• TASK REQUIREMENTS
Using the data below, transcribe exactly everything from the line that contains "The Modern Purple" down to the line that contains "Ut lite senare, mörkt". Include both of those lines and none of the pictures.

• RECORDS
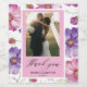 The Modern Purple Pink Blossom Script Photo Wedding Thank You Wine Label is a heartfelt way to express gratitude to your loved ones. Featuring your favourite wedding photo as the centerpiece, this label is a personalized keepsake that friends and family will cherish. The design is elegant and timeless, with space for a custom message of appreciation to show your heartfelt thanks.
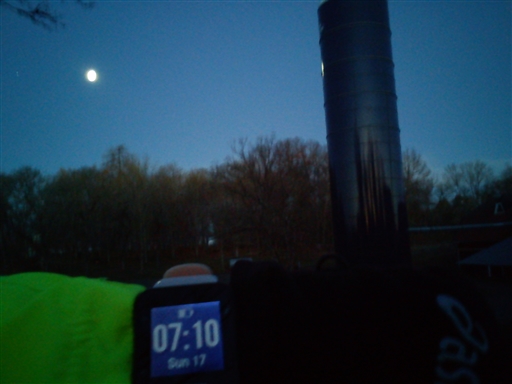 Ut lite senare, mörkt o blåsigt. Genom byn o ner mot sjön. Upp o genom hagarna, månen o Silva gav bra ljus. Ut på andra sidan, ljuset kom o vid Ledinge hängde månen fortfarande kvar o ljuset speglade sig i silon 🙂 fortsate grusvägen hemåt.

--

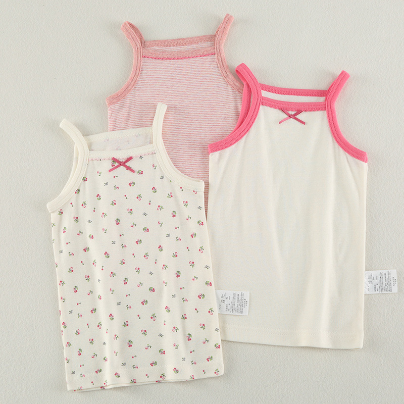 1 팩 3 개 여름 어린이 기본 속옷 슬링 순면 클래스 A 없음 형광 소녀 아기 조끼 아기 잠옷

--

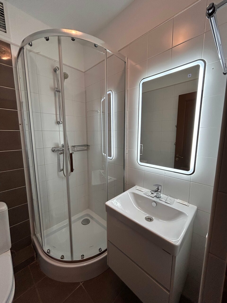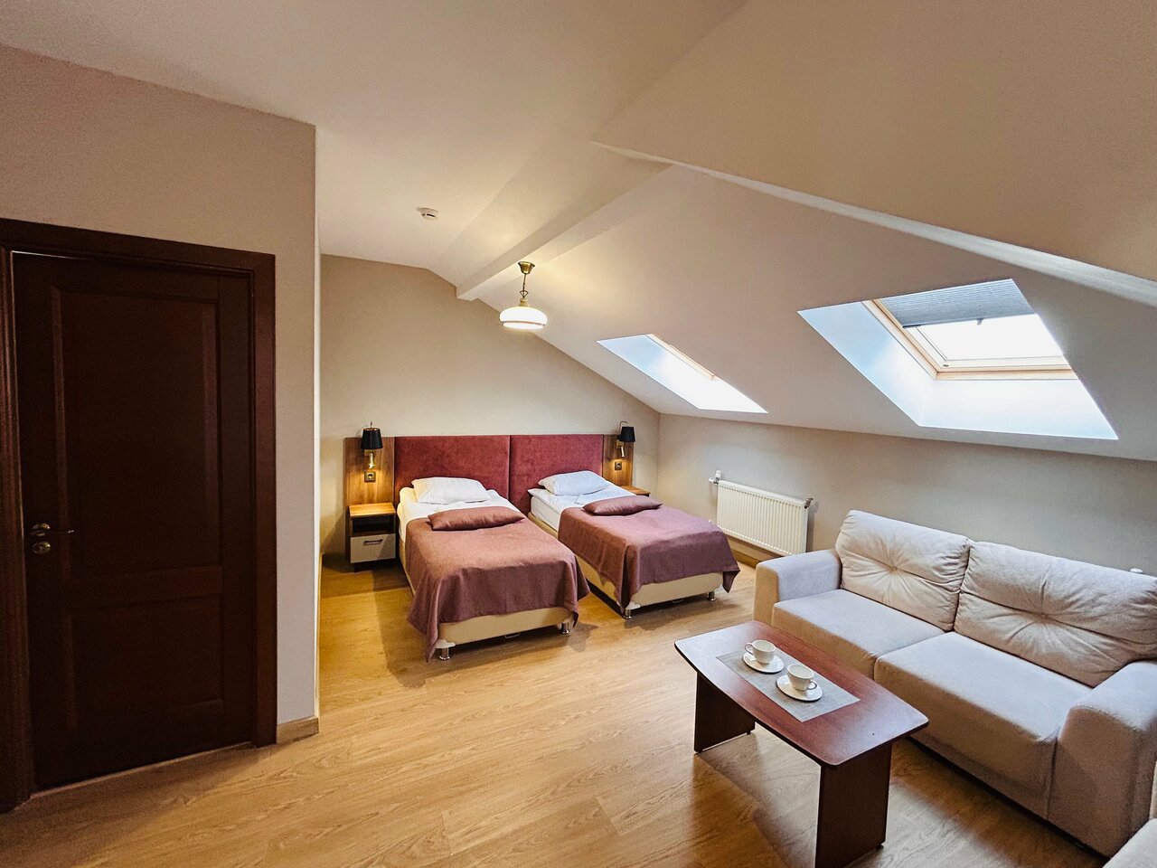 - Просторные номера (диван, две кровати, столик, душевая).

• ANSWER TO THE EXERCISE
 The Modern Purple Pink Blossom Script Photo Wedding Thank You Wine Label is a heartfelt way to express gratitude to your loved ones. Featuring your favourite wedding photo as the centerpiece, this label is a personalized keepsake that friends and family will cherish. The design is elegant and timeless, with space for a custom message of appreciation to show your heartfelt thanks.
 Ut lite senare, mörkt o blåsigt. Genom byn o ner mot sjön. Upp o genom hagarna, månen o Silva gav bra ljus. Ut på andra sidan, ljuset kom o vid Ledinge hängde månen fortfarande kvar o ljuset speglade sig i silon 🙂 fortsate grusvägen hemåt.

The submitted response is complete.